Forward pass the input through the network, calculate the loss, and perform backpropagation. Update the weights of the network using the chosen optimizer.

In [8]:
def train(model, epochs, train_loader, loss_fn, optimizer):
    model.train()  # Set the model to training mode
    total_loss = 0
    for epoch in range(epochs):
        for batch in train_loader:
            # Assuming your batch is a tuple (data, targets)
            data, targets = batch

            # Forward pass
            output = model(data)

            # Compute the loss
            loss = loss_fn(output, targets)

            # Backward pass and optimize
            optimizer.zero_grad()
            loss.backward()
            optimizer.step()

            total_loss += loss.item()
        print(f'Finished epoch {epoch + 1}, latest loss {loss}')
    # Return average loss
    return total_loss / len(train_loader)

In [9]:
average_loss = train(model, 10, train_loader, loss_fn, optimizer)

print("The average loss is: ", average_loss)

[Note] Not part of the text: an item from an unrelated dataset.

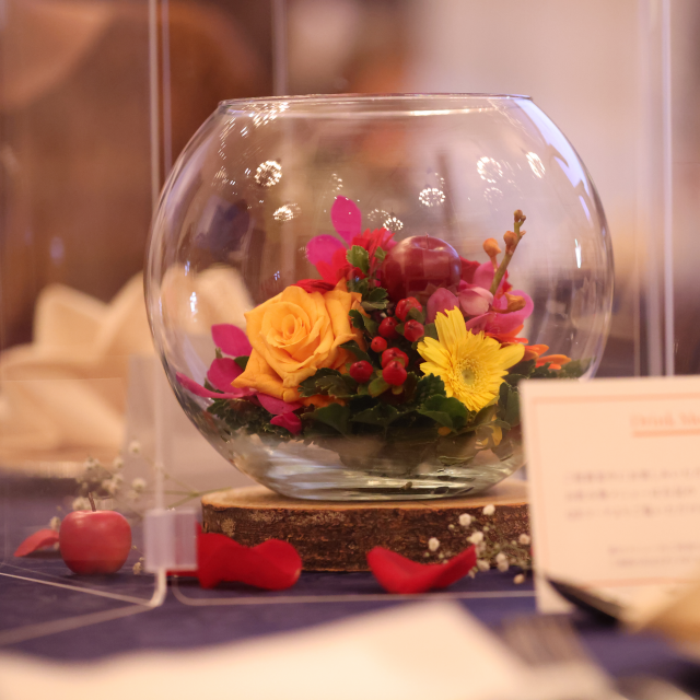 テーブル席の花やウエルカムスペースなどに大好きなキャラクターを連想させるような物をたくさん置きました。

Finished epoch 1, latest loss 0.18443210422992706
Finished epoch 2, latest loss 0.1391804814338684
Finished epoch 3, latest loss 0.1525273621082306
Finished epoch 4, latest loss 0.017943955957889557
Finished epoch 5, latest loss 0.018885096535086632
Finished epoch 6, latest loss 0.11280129104852676
Finished epoch 7, latest loss 0.04102528840303421
Finished epoch 8, latest loss 0.02543696202337742
Finished epoch 9, latest loss 0.030377862975001335
Finished epoch 10, latest loss 0.0013342633610591292
The average loss is:  0.8162300818092771


5. **Testing**: Evaluate the trained model on the test set. Calculate the accuracy of the model.

In [10]:
def predict(model, dataloader, num_predictions=10):
    model.eval()  # Set the model to evaluation mode
    all_predictions = []
    all_actuals = []

    with torch.no_grad():  # Disable gradient computations
        for i, batch in enumerate(dataloader):
            # Assuming your batch is a tuple (data, targets)
            data, targets = batch

            output = model(data)
            _, predicted = torch.max(output, dim=1)  # Get the predicted class

            all_predictions.extend(predicted.tolist())
            all_actuals.extend(targets.tolist())

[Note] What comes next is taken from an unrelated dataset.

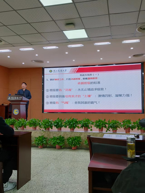 參觀結束后,全體成員聽取了專題講座,講座由2023屆高三年級主任蘇挺主講。蘇主任先從年級小組團隊、班主任團隊、學生管理、教學管理等四個方面介紹了襄陽四中在年級管理上的思路和做法,再從德育和精準培優兩個方面分享了襄陽四中在特優生培養工作上的先進經驗。蘇主任的講座內容詳盡細致,分享了一系列實操性極強的方案與制度,干貨滿滿。全體成員全方位感受到了襄陽四中分秒必爭的學習氛圍、嚴謹踏實的工作作風、科學高效的備考策略、精準細致的管理制度、浸潤人心的德育工作、追求卓越的文化內涵和多元競放的教育理念。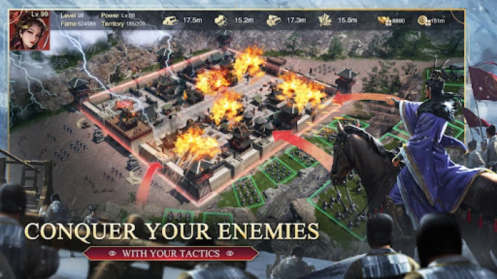 Control the power of weather, master the tactics of terrain.Seize strategic advantages and lead your forces to victory in this immersive battle in the revolutionary SLG Three Kingdoms: Throne.

            # Break the loop after num_predictions batches
            if i >= num_predictions - 1:
                break

    return all_predictions[:num_predictions], all_actuals[:num_predictions]

In [11]:
predictions, actuals = predict(model, test_loader, 10)
print('Predictions:', predictions[:9])
print('Actuals:', actuals[:9])

Predictions: [6, 6, 9, 9, 0, 2, 0, 5, 0]
Actuals: [6, 6, 9, 9, 0, 2, 0, 5, 0]


6. **Optimization**: Experiment with hyperparameters (learning rate, number of epochs, etc.) to optimize the model's performance. Consider adjusting the neural network architecture for better results. **Notice that you can't use the optimization algorithms from scikit-learn that we saw in lab1: e.g.,** ```GridSearchCV```.

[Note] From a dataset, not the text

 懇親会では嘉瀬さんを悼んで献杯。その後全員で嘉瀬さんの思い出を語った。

I've tried multiple number of epochs and batch sizes. For a greater number of epochs than 0, the algorithm already starts to overfit, so 10 is a good number. The same thing applies for the number of batch sizes.
I tried with a bigger learning rate, but the training wouldn't be consistent, it won't find the minimum loss everytime.